After the Fall

The experts weigh in on how to prevent future Enrons.

Hill: I think FASB could do some things that would get us a little closer, but you’re never going to have a standardized number that everyone is going to accept.

I think everyone would agree that there are times when it’s not only legitimate to adjust GAAP earnings, but desirable. The problem is that you use earnings for different things.

The SEC’s cautionary advice [on the use of pro forma financial information in earnings releases] that came out recently was a big step forward on this issue. The advisory said you had to provide some sort of trail from how you got from GAAP to the pro forma earnings.

Willens: But doesn’t that bother you, the fact that virtually no one is using GAAP net income for analytical purposes? That everyone is using their own formulas?

Hill: That’s what analysis is all about.

Griep: This is a very big issue on the equity-analytic side of our business, and with the index business as well. I know they’ve proposed a definition of operating earnings to try to bring standardization to that aspect, and it’s the one that we would use internally for valuation purposes.

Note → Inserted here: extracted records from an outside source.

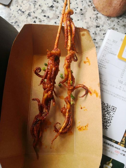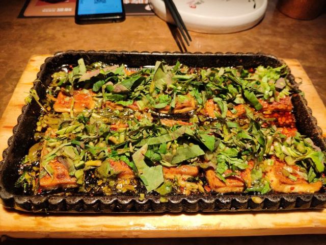 菠萝小油条,烤猪蹄,黑椒耗油味豆花烤鱼,麻辣诱惑味豆花烤鱼,包浆豆腐,芝士烤红薯,花椒冰淇淋,青柠气泡水,烤猪颈肉,青柠烤鱼,香糯烤鸡脚,黄金酸辣,经典麻辣烤鱼,炭烤鸡翅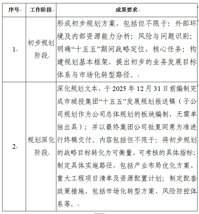 1.服務(wù)內(nèi)容:本次采購旨在選取專業(yè)規(guī)劃咨詢服務(wù)單位,通過專業(yè)機(jī)構(gòu)的深度謀劃,助力集團(tuán)公司在“十五五”期間明確發(fā)展方向,優(yōu)化資源配置,提升核心競爭力,為實(shí)現(xiàn)遠(yuǎn)期戰(zhàn)略目標(biāo)奠定堅(jiān)實(shí)基礎(chǔ)。服務(wù)內(nèi)容包括但不限于:外部環(huán)境及內(nèi)部資源能力分析、企業(yè)發(fā)展規(guī)劃目標(biāo)及業(yè)務(wù)布局、國企轉(zhuǎn)型措施、重大任務(wù)及保障措施、實(shí)施計(jì)劃、具體實(shí)施細(xì)則以及在“十五五”推進(jìn)中進(jìn)行中期和末期評估等方面。方案需在2025年9月20日前完成初稿,2025年12月31前完成報(bào)送稿,根據(jù)反饋意見在采購人要求的時(shí)間內(nèi)完成修正稿(終稿)。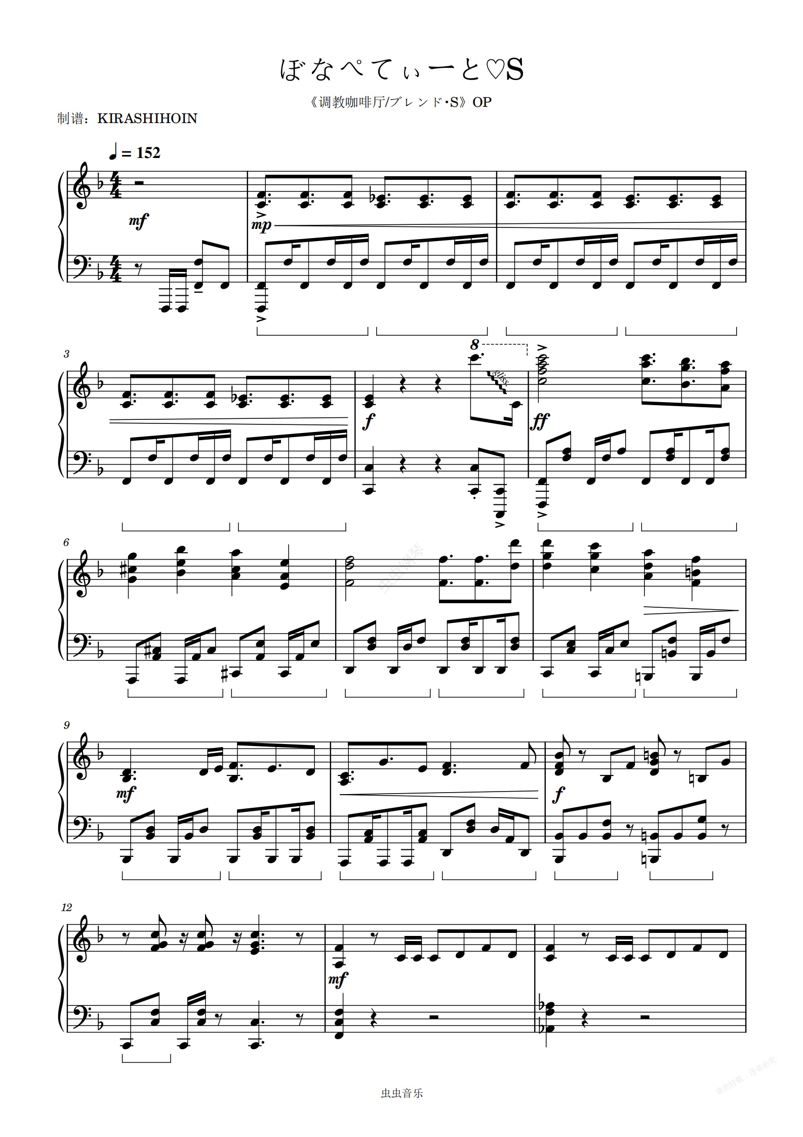 钢琴谱:ぼなぺてぃーと♡S(《调教咖啡厅/ブレンド・S》OP)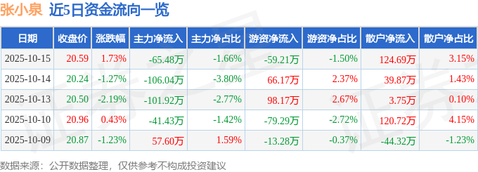 证券之星消息,截至2025年10月15日收盘,张小泉(301055)报收于20.59元,上涨1.73%,换手率1.24%,成交量1.93万手,成交额3954.49万元。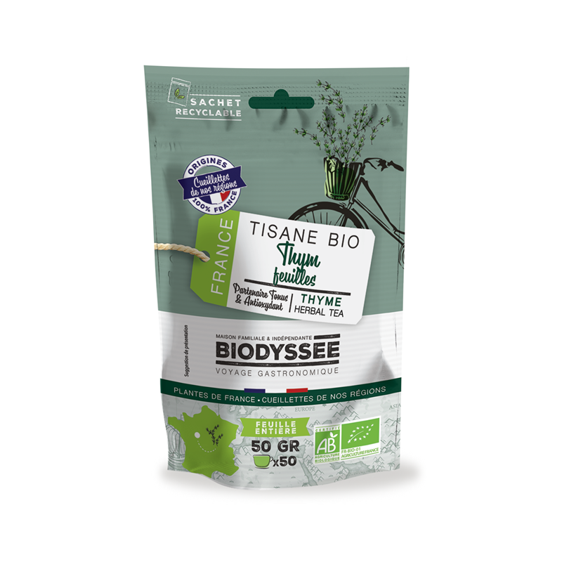 Notre thym est récolté dans les champs de Champagne, Normandie, Pays de la Loire et en Charente. Antiviral, antiseptique et antimicrobien, linfusion de thym est un remède naturel contre les rhumes, grippes ou autres maladies hivernales.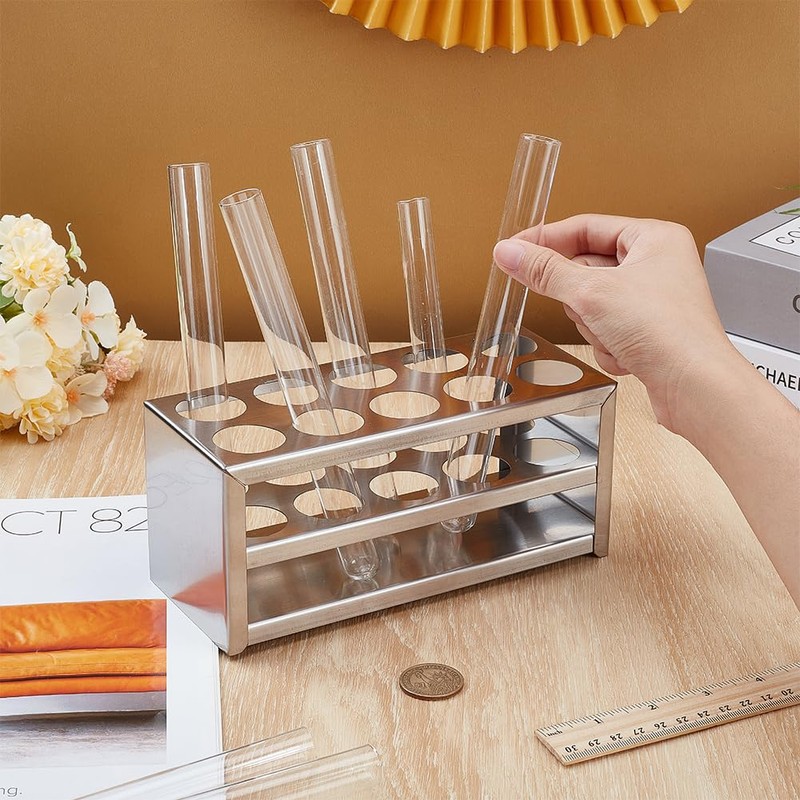 UNICRAFTALE 1 Set 3-Tier Test Tube Holder 10 Seats Test Tube Rack Test Tube Stand Stainless Steel Tube Holder Laboratory Supplies Rectangular Test Tube Stand Holes 30 mm for Classroom Laboratory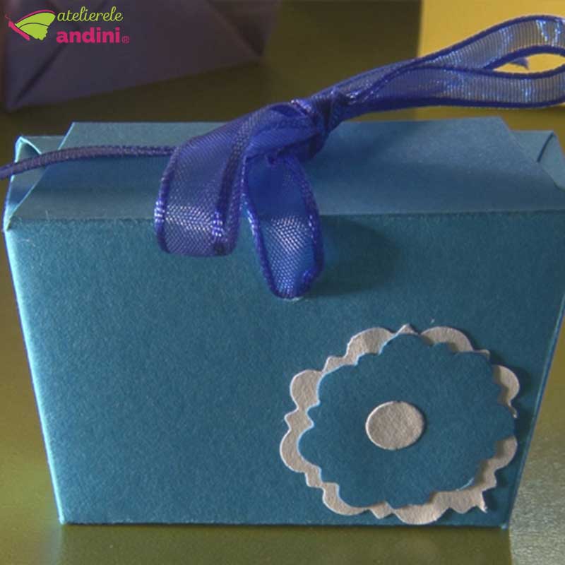 Cutiuța se livrează asamblată, pregătită pentru a fi umplută cu bombonele sau alte mici suprize pentru invitați.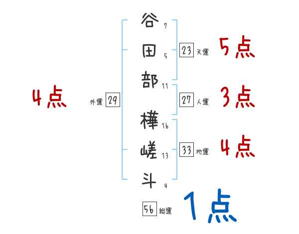 天運![]() | 谷田部樺嵯斗さんの天運は23画の5つ星!想像力に優れ活力がある。一代で成功し名誉を手に入れる。 家系が持つ宿命的な運勢を表します。祖先から受け継いだ苗字ですので自分の力が及びません。家柄を象徴します。 |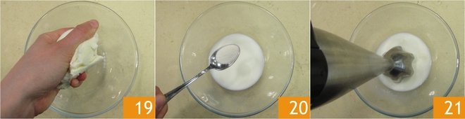 Meanwhile, halve a buffalo mozzarella (you should take 1.4 oz) and squeeze it into a bowl to obtain the milk 19. Add the rice starch 20 and blend with an immersion blender 21.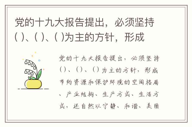 党的十九大报告提出,必须坚持( )、( )、( )为主的方针,形成节约资源和保护环境的空间格局、产业结构、生产方式、生活方式,还自然以宁静、和谐、美丽。 国。 A. 保护优先 B. 自然恢复 C. 事先预防 D. 节约优先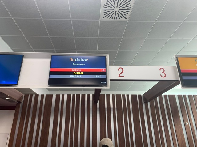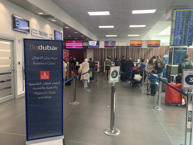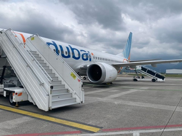 Il volo FZ1573 é previsto con il Boeing 737-8 MAX con marche A6-FMG. L’aereo é giunto alle 12:05 con 5 minuti di anticipo. Il nostro aereo é stato costruito e consegnato nel novembre 2018, gli interni sono con 10 posti in business class e 156 in economy class. Invece il volo FZ1574 decolla ogni giorno alle 13:40. Oggi l’aeroporto é un pò caotico, sopratutto ai controlli di sicurezza, gli spazi sono ristretti, ma a breve vi saranno nuove aree dove le attuali macchine radiogene verranno sostituite da quelle più innovative di tipo 3. Praticamente un sistema che effettua una tomografia al bagaglio. Chi vuole evitare un pò di fila può acquistare il fast track.

Hill: But you can’t do that. The problem is, everyone agrees that the extraordinary items as defined by FASB should be excluded from the GAAP net earnings. But the sticky wickets are the footnotes, the restructuring charges, the asset-sale gains and losses, the acquisition charges, litigation, inventory write-downs. All these kinds of things can come in a lot of different shapes and flavors.

Rethinking Rating Triggers

Let’s turn to another post-Enron issue: rating triggers. The rating agencies are going to take a closer look at those, but S&P seemed to suggest that a lot of change wasn’t necessary.

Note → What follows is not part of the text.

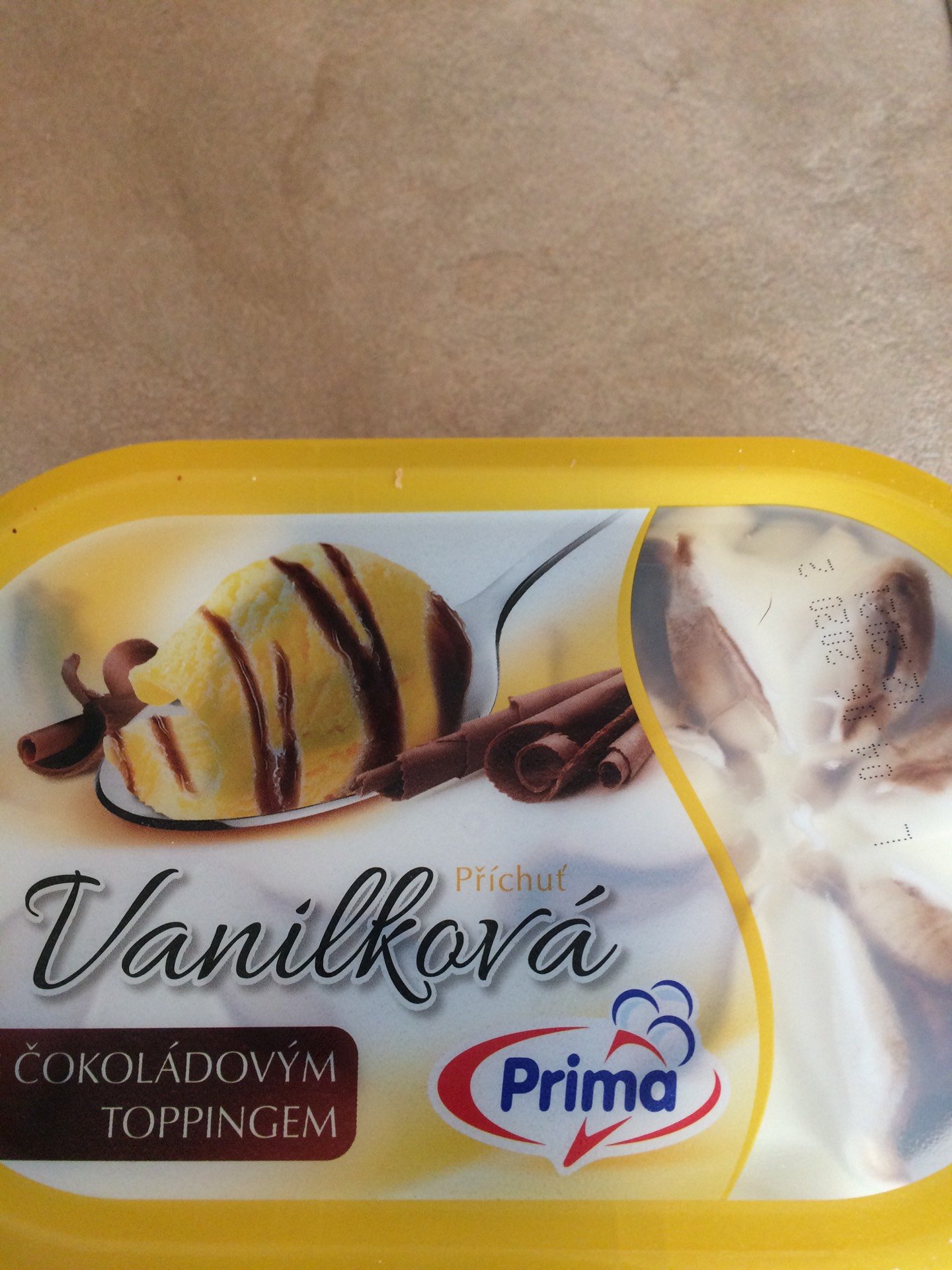 Mražený krém s rostlinným tukem s vanilkovou příchutí a čooládovým toppingem.

Griep: Enron was a catalyst for us to undertake a review of what the actual exposure was of, in particular, lower-investment-grade companies — those rated in the triple-B, single-A range — to contingent commitments that involved significant debt repayment or collateral pledge. While it’s been played up in the media as a focus on credit-rating triggers, the questionnaire we put together actually focuses on rating, equity-price, and other kinds of operating-performance triggers that are built into borrowing arrangements and counterparty arrangements. The problem of how to factor these triggers into the rating process is a challenging one, and one that we’re still reviewing.

The alternative methodologies are to factor it directly into the rating, in the form of reduced financial flexibility; or, secondarily, just signal the presence of this contingent risk in a way that’s incremental to the rating. But we’re going through a process of differentiating the degree to which these triggers represent risks.

You know, rating agencies are in a difficult position. Our goal is to opine on creditworthiness, not create it. So where we have a company that is rated triple B minus and has substantial triggers, if they were to fall to noninvestment grade, the debate internally is the extent to which we lower that rating. It becomes self-fulfilling. Is there another way to signal that risk?